The root node is connected to all top-level nodes and aggregates the information there to provide a summary of the whole build.

  • total build time [s] - sum of build times of all top-level files. In parallell builds this value will therefore be much larger than the actual project building time.
  • total translation units - speaks for itself
  • total size [B] - sum of total size [B] values of top-level files. This is the total number of bytes of code compiled.

top-level metrics

  • label - useful when working with the dependency graph. Use this name to identify nodes. This is normally the filename, but duplicated files are suffixed with _NUMBER
  • project - name of the project containing the .cpp file.
  • absolute path - make a guess!
  • build time [s] - total time it took to compile this file
  • file size [B] - size of the .cpp file (without dependencies)
  • total size [B] - total size of the translation unit. This is the aggregated size of all files in this file's subtree. Files included through precompiled-headers are excluded from this metric, so this is the actual size of the compiled code. Headers are assumed to be included only once, so if for some reason you have a file without an include guard and it should be included twice in the subtree, it will be counted only once.

dependency metrics

  • label - useful when working with the dependency graph. Use this name to identify nodes. This is normally the filename, but duplicated files are suffixed with _NUMBER

  • project - name of the project containing the dependency file. This is guessed based on the file's location. The closest parent directory containing a .cpp file is found and this file's project name is assumed to be the dependency project.

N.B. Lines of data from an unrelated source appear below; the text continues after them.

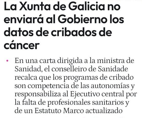 La Xunta de Galicia se suma a la lista de CCAA del PP que se niegan a dar la información de los cribados de cáncer al Gobierno. Esto es muy grave. Esto va a ser una negligencia tras otra que nos va a costar muchas vidas!!!!!
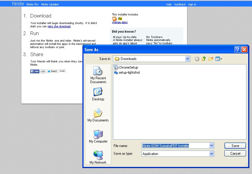 Nakon preuzimanja ovog instalera, ostaje da se on pokrene i da mu se prepusti da odradi svoj posao. Dakle, nema potrebe za kliktanjem na dugmiće „Next“, „OK“ i slično – Ninite će sve to uraditi potpuno automatski! Još jednu stvar je potrebno naglasiti: Ninite neće instalirati ponuđene reklamne tulbarove i slično e-smeće.
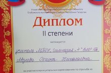 Учитель физической культуры Авдеева Р. Н. получила диплом II степени за участие в муниципальных соревнованиях по стрельбе из пневматической винтовки среди педагогов общеобразовательных учреждений ЕМР, приуроченных 30-летию со Дня вывода войск из Афганистана.
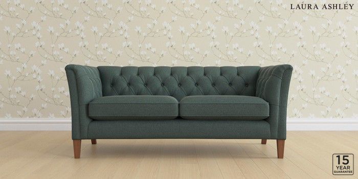 6.12.1 Buy Chatsworth Button Back by Laura Ashley 3 Seater Small Sofa Wooton Forest Green Straight Mid - Teak from the Laura Ashley online shop Click here to use our website with more accessibility support, for example screen readers
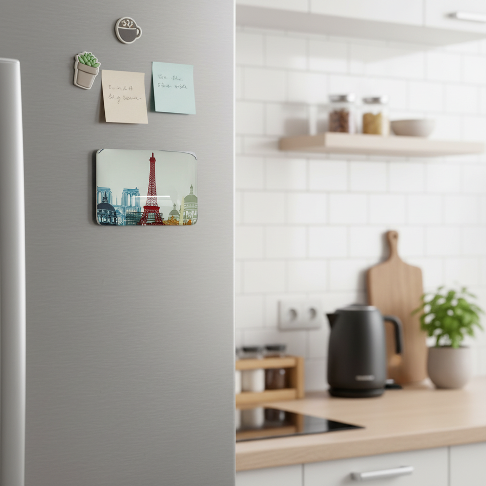Aimants de réfrigérateur en cristal magnétique puissant pour la vente directe, aimants en verre personnalisés pour cadeaux

  • absolute path - well...

  • number of dependent translation units - number of top-level files including this dependency. Inclusions through precompiled-headers are not counted.

  • file size [B] - size of the .cpp file (without dependencies)

  • aggregated total size [B] - the aggregated size of the dependency's subtree, calculated independently for each translation unit. Files included through precompiled-headers are not counted. For example let's consider the following structure (indentation means inclusion).

    • a.cpp
      • a.hpp (10 Bytes)
        • aa.hpp (15 Bytes)
        • b.hpp (2 Bytes)
          • bb.hpp (2 Bytes)
      • c.hpp
        • b.hpp (2 Bytes)
          • bb.hpp (2 Bytes)
    • b.cpp
      • b.hpp (2 Bytes)
        • bb.hpp (2 Bytes)

    b.hpp will have an aggregated total size of 6 Bytes - once counted through a.cpp, once through b.cpp, both times counted with bb.hpp. a.hpp may report to have an aggregated total size of either 29 Bytes or 25 Bytes. This depends on the order of graph traversal - either b.hpp will be considered as included through a.hpp or through c.hpp.

  • total build time of dependants [s] - total time spent on compiling files including this dependency

  • aggregated build time deviation from avg [s] - this is the sum of signed difference of dependant translation unit's build time from the average build time. If for example the average build time of a translation unit is 1 second and a dependency is included in 3 files building 2s, 3s and 0.5s, the value of this metric will be 2.5s. This metric should essentially tell you the impact a file has on the total build time. A possible way to identify actual culprits of long build times is to order a spreadsheet by the aggregated build time deviation from avg column and look at files with large aggregated total size. Removing dependencies from such files often gives good results.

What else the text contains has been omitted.